(Source data begins)

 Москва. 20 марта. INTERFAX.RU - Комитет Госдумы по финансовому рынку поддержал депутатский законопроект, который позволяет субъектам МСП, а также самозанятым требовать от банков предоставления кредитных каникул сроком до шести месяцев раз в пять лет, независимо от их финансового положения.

(Source data ends)
(Source data begins)

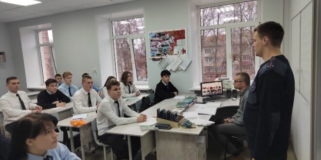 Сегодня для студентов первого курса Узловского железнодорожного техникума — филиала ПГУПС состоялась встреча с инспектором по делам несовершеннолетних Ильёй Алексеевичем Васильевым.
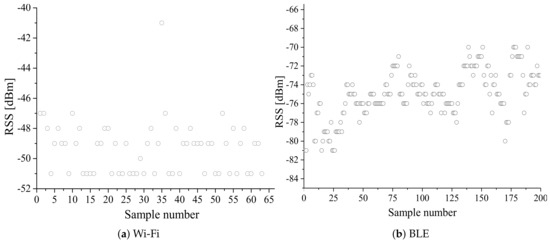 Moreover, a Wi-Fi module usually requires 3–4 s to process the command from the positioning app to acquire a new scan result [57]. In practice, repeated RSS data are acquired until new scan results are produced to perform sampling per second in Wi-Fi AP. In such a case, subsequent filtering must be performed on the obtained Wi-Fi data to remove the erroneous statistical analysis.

(Source data ends)

_Required action_
Extract the part of the records that opens with the line containing "Сегодня для студентов" and closes with the line containing "Moreover, a Wi-Fi". Take only those lines, exactly, and no pictures.

_Solution for this task_
 Сегодня для студентов первого курса Узловского железнодорожного техникума — филиала ПГУПС состоялась встреча с инспектором по делам несовершеннолетних Ильёй Алексеевичем Васильевым.
 Moreover, a Wi-Fi module usually requires 3–4 s to process the command from the positioning app to acquire a new scan result [57]. In practice, repeated RSS data are acquired until new scan results are produced to perform sampling per second in Wi-Fi AP. In such a case, subsequent filtering must be performed on the obtained Wi-Fi data to remove the erroneous statistical analysis.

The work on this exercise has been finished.